-- What to work on --
Repeat the listing word for word, but skip any pictures.

-- Dataset section --

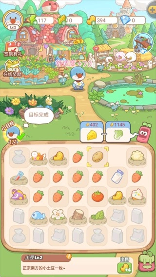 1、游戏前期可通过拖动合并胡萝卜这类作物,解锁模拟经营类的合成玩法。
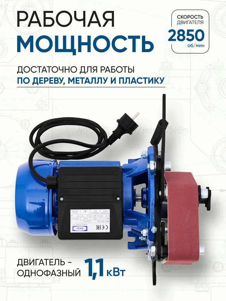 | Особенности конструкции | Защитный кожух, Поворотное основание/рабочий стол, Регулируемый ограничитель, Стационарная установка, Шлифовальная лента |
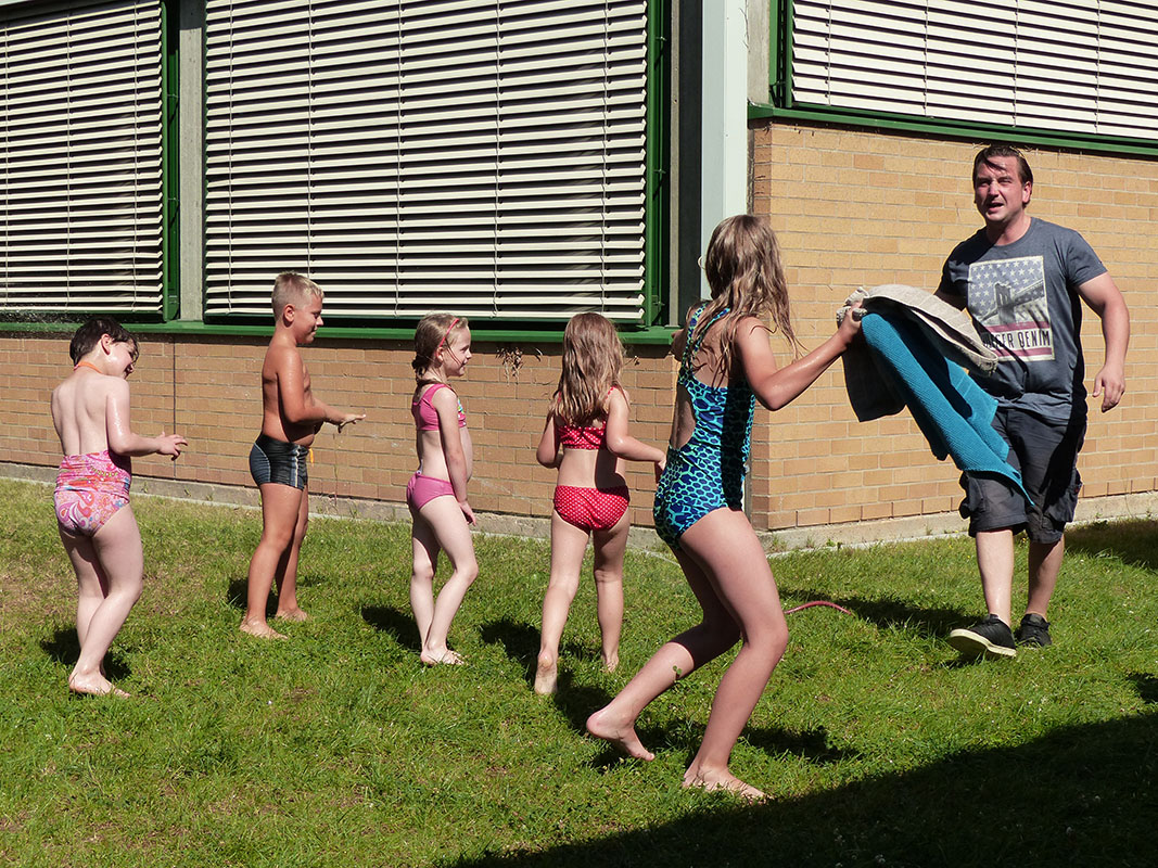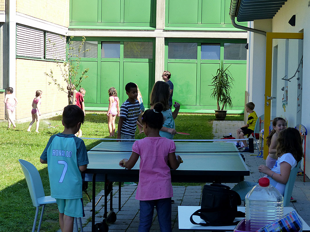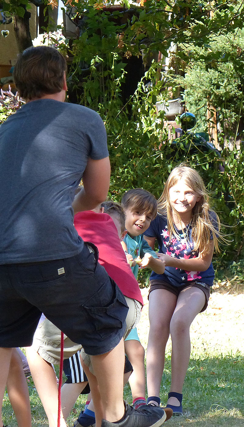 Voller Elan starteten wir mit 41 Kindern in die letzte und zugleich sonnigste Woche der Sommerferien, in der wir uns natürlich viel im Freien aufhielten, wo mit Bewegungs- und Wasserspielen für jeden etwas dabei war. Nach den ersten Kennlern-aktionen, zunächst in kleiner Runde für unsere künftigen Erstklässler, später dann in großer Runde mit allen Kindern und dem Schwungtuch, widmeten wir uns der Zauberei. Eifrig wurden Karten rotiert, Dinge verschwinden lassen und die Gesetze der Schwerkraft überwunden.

-- Task response --
 1、游戏前期可通过拖动合并胡萝卜这类作物,解锁模拟经营类的合成玩法。
 | Особенности конструкции | Защитный кожух, Поворотное основание/рабочий стол, Регулируемый ограничитель, Стационарная установка, Шлифовальная лента |
 Voller Elan starteten wir mit 41 Kindern in die letzte und zugleich sonnigste Woche der Sommerferien, in der wir uns natürlich viel im Freien aufhielten, wo mit Bewegungs- und Wasserspielen für jeden etwas dabei war. Nach den ersten Kennlern-aktionen, zunächst in kleiner Runde für unsere künftigen Erstklässler, später dann in großer Runde mit allen Kindern und dem Schwungtuch, widmeten wir uns der Zauberei. Eifrig wurden Karten rotiert, Dinge verschwinden lassen und die Gesetze der Schwerkraft überwunden.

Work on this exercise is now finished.